**Data to examine**
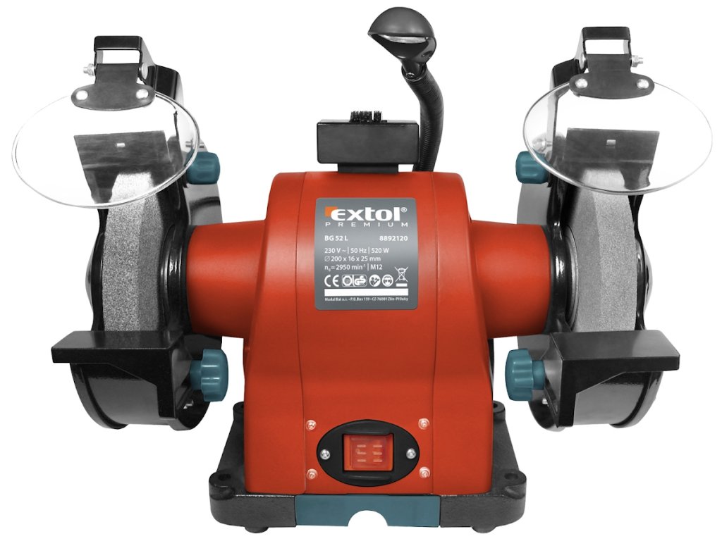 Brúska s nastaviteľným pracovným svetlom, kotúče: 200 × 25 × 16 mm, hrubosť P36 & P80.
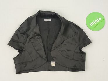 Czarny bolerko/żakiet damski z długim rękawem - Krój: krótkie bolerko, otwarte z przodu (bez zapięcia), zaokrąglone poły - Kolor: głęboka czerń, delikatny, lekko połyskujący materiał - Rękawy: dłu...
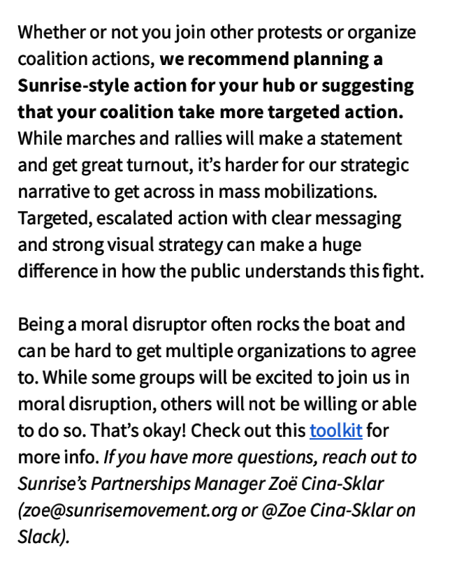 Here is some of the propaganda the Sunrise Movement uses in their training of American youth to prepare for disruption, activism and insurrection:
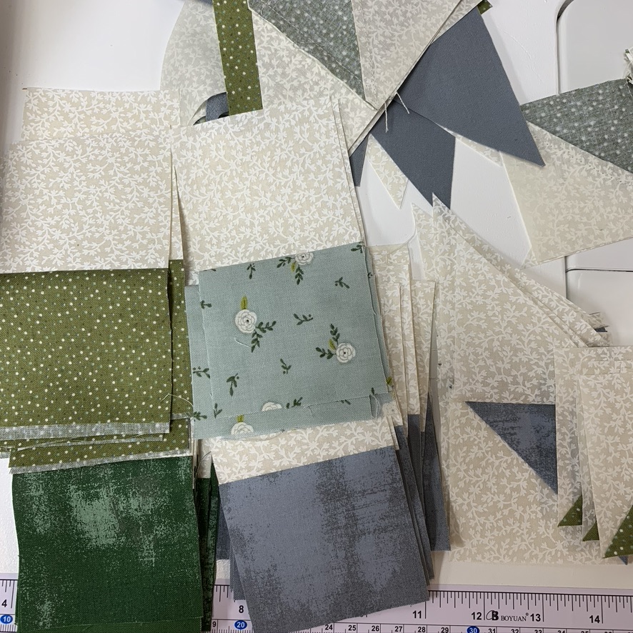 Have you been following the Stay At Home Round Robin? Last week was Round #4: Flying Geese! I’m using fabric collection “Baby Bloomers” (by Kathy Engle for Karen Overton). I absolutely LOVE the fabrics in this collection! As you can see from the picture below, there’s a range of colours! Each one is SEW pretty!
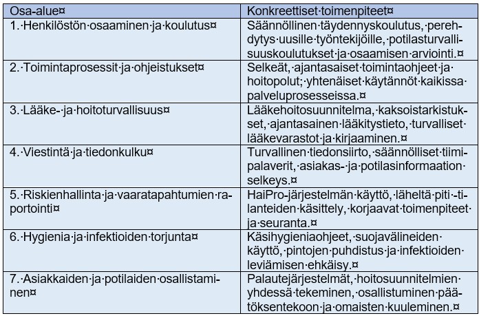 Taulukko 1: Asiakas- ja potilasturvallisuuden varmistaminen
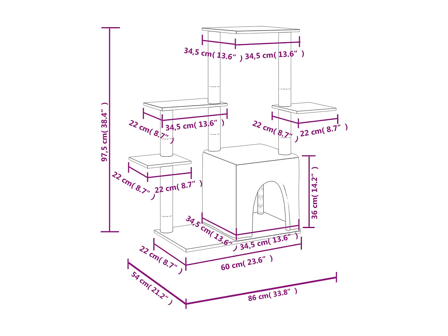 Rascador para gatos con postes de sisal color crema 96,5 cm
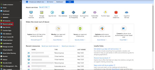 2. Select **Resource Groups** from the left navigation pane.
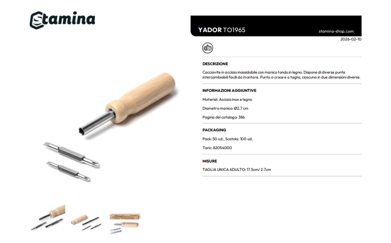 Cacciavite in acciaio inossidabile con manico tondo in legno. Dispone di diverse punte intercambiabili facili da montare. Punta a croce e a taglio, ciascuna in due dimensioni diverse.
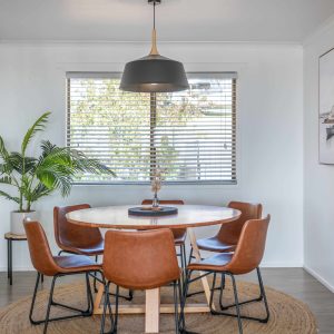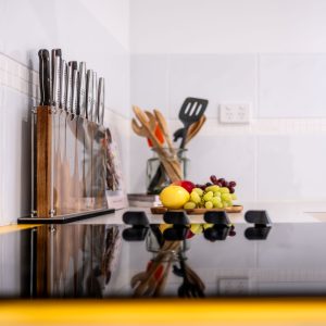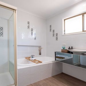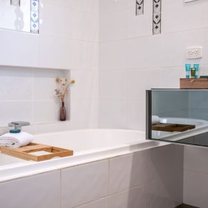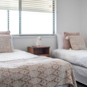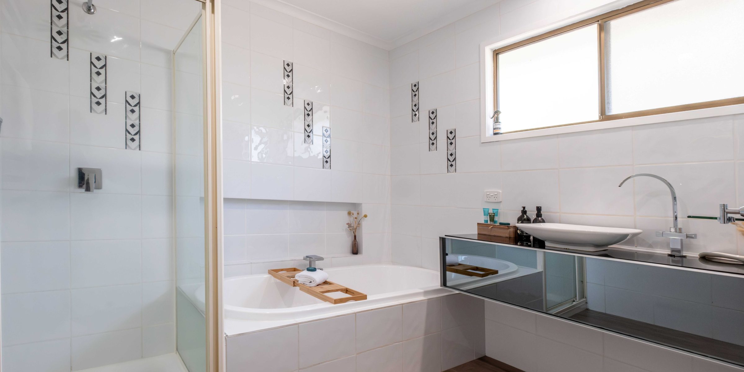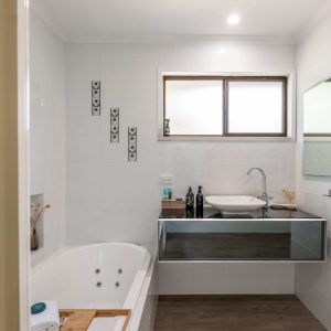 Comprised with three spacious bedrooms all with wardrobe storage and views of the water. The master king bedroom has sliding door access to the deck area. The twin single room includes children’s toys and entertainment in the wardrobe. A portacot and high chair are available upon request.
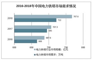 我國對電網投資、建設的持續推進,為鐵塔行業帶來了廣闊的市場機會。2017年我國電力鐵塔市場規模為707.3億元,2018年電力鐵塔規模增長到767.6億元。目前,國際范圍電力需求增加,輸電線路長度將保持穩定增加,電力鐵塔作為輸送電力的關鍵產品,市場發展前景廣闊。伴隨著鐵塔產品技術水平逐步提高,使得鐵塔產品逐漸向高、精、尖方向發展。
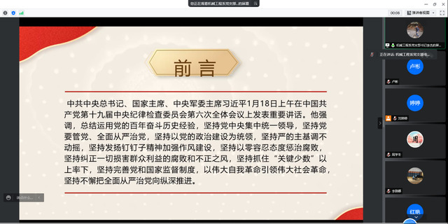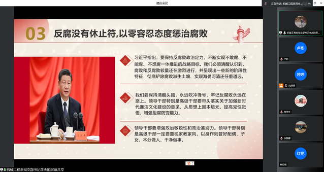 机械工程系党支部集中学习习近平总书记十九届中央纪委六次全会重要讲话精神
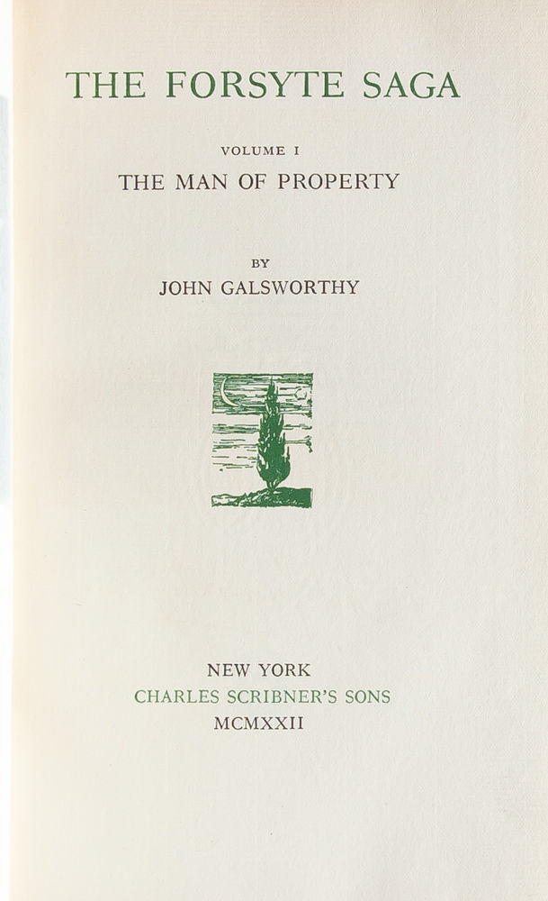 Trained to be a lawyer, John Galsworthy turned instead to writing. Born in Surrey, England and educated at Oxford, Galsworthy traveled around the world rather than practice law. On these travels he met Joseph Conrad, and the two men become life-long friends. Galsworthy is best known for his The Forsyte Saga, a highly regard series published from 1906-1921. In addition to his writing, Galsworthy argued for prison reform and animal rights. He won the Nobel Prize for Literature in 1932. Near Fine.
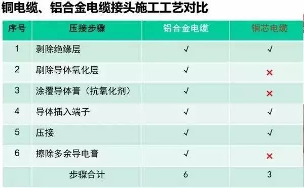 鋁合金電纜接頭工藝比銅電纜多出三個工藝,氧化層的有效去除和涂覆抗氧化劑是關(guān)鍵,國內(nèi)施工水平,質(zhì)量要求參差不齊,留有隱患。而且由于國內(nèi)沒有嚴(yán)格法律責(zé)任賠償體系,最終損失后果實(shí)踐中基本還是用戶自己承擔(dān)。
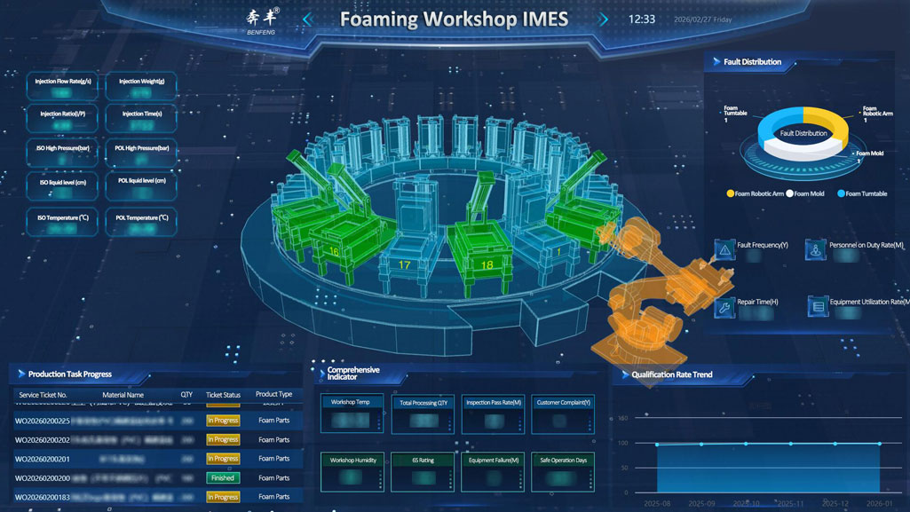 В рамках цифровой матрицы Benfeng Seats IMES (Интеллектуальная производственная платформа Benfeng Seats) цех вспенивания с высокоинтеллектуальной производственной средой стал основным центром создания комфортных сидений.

---

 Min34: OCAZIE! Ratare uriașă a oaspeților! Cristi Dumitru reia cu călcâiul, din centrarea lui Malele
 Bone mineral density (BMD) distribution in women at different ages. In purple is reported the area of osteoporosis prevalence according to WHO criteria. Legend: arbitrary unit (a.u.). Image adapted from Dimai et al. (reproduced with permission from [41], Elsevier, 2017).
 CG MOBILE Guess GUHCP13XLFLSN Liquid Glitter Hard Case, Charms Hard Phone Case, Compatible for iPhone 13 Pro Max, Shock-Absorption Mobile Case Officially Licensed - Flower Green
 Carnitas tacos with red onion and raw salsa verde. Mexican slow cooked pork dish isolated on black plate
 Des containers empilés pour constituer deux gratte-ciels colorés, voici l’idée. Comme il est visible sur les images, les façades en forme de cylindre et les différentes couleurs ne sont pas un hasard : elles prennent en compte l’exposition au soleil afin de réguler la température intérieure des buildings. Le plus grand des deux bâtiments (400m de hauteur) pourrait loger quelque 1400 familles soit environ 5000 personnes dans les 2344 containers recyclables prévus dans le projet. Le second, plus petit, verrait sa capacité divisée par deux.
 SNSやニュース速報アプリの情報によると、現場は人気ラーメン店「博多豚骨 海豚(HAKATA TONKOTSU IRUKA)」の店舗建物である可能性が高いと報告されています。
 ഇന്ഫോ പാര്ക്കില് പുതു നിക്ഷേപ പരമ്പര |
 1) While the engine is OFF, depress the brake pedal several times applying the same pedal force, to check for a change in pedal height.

...

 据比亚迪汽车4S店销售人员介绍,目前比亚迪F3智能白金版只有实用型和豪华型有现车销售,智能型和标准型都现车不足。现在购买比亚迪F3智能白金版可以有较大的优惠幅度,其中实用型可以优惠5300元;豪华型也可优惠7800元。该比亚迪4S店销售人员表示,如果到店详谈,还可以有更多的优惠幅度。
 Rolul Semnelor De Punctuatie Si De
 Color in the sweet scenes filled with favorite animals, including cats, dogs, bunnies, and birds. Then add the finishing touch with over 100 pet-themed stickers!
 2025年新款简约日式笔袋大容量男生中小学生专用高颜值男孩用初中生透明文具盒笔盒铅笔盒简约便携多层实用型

**Task statement**
Only one stretch of the listing above is to be duplicated: the lines from the one containing "Brúska s nastaviteľným" through the one containing "我國對電網投資、建設的持續推", both included. Copy them exactly, minus the pictures.

**Solution to the problem**
 Brúska s nastaviteľným pracovným svetlom, kotúče: 200 × 25 × 16 mm, hrubosť P36 & P80.
 Czarny bolerko/żakiet damski z długim rękawem - Krój: krótkie bolerko, otwarte z przodu (bez zapięcia), zaokrąglone poły - Kolor: głęboka czerń, delikatny, lekko połyskujący materiał - Rękawy: dłu...
 Here is some of the propaganda the Sunrise Movement uses in their training of American youth to prepare for disruption, activism and insurrection:
 Have you been following the Stay At Home Round Robin? Last week was Round #4: Flying Geese! I’m using fabric collection “Baby Bloomers” (by Kathy Engle for Karen Overton). I absolutely LOVE the fabrics in this collection! As you can see from the picture below, there’s a range of colours! Each one is SEW pretty!
 Taulukko 1: Asiakas- ja potilasturvallisuuden varmistaminen
 Rascador para gatos con postes de sisal color crema 96,5 cm
 2. Select **Resource Groups** from the left navigation pane.
 Cacciavite in acciaio inossidabile con manico tondo in legno. Dispone di diverse punte intercambiabili facili da montare. Punta a croce e a taglio, ciascuna in due dimensioni diverse.
 Comprised with three spacious bedrooms all with wardrobe storage and views of the water. The master king bedroom has sliding door access to the deck area. The twin single room includes children’s toys and entertainment in the wardrobe. A portacot and high chair are available upon request.
 我國對電網投資、建設的持續推進,為鐵塔行業帶來了廣闊的市場機會。2017年我國電力鐵塔市場規模為707.3億元,2018年電力鐵塔規模增長到767.6億元。目前,國際范圍電力需求增加,輸電線路長度將保持穩定增加,電力鐵塔作為輸送電力的關鍵產品,市場發展前景廣闊。伴隨著鐵塔產品技術水平逐步提高,使得鐵塔產品逐漸向高、精、尖方向發展。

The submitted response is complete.